**Brief**
Keep images out and repeat all data exactly.

**Supplied material**
•••••

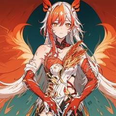 (masterpiece:1.3), (the best quality:1.2), (super fine illustrations:1.2), (Masterpiece), high quality, high detail,(white background:1.2), looking at viewer, (SOLO:1.4),outline,,simple background,armor,red legwear,thighhighs,boots,facial mark,head wings,red gloves,two-tone hair,earrings,gloves,tassel,leotard,skirt,dress,elbow gloves,twintails,bare shoulders,tattoo,phoenix,ribbon,red ribbon,bangs,white hair,orange eyes,streaked hair,fu hua,orange hair,fiery hair,hair between eyes,multicolored hair,fiery wings,jewelry,hair ornament,gloves,hair ribbon,pattern on hair,logo,yellow pupils,diamond shaped pupils,
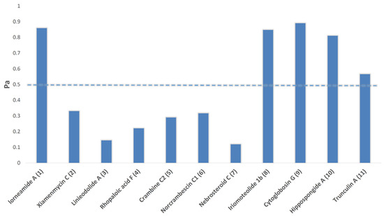 As explained in Figure 3, between the annotated compounds in HE, compounds 1 and 8−11 were suggested to act as antineoplastic agents (i.e., Pa > 0.5). Previously, compound 8 and 11 have been considered as a potent anticancer agents [28,29].
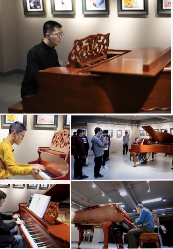 一首欢快优美的钢琴独奏《向阳花》为本次画展拉开了序幕,参加活动的老师与同学们在展览现场认真参观,亲切互动。展厅内优美的琴声不绝于耳、前来参观的同学更是络绎不绝。

•••••

**Written answer**
 (masterpiece:1.3), (the best quality:1.2), (super fine illustrations:1.2), (Masterpiece), high quality, high detail,(white background:1.2), looking at viewer, (SOLO:1.4),outline,,simple background,armor,red legwear,thighhighs,boots,facial mark,head wings,red gloves,two-tone hair,earrings,gloves,tassel,leotard,skirt,dress,elbow gloves,twintails,bare shoulders,tattoo,phoenix,ribbon,red ribbon,bangs,white hair,orange eyes,streaked hair,fu hua,orange hair,fiery hair,hair between eyes,multicolored hair,fiery wings,jewelry,hair ornament,gloves,hair ribbon,pattern on hair,logo,yellow pupils,diamond shaped pupils,
 As explained in Figure 3, between the annotated compounds in HE, compounds 1 and 8−11 were suggested to act as antineoplastic agents (i.e., Pa > 0.5). Previously, compound 8 and 11 have been considered as a potent anticancer agents [28,29].
 一首欢快优美的钢琴独奏《向阳花》为本次画展拉开了序幕,参加活动的老师与同学们在展览现场认真参观,亲切互动。展厅内优美的琴声不绝于耳、前来参观的同学更是络绎不绝。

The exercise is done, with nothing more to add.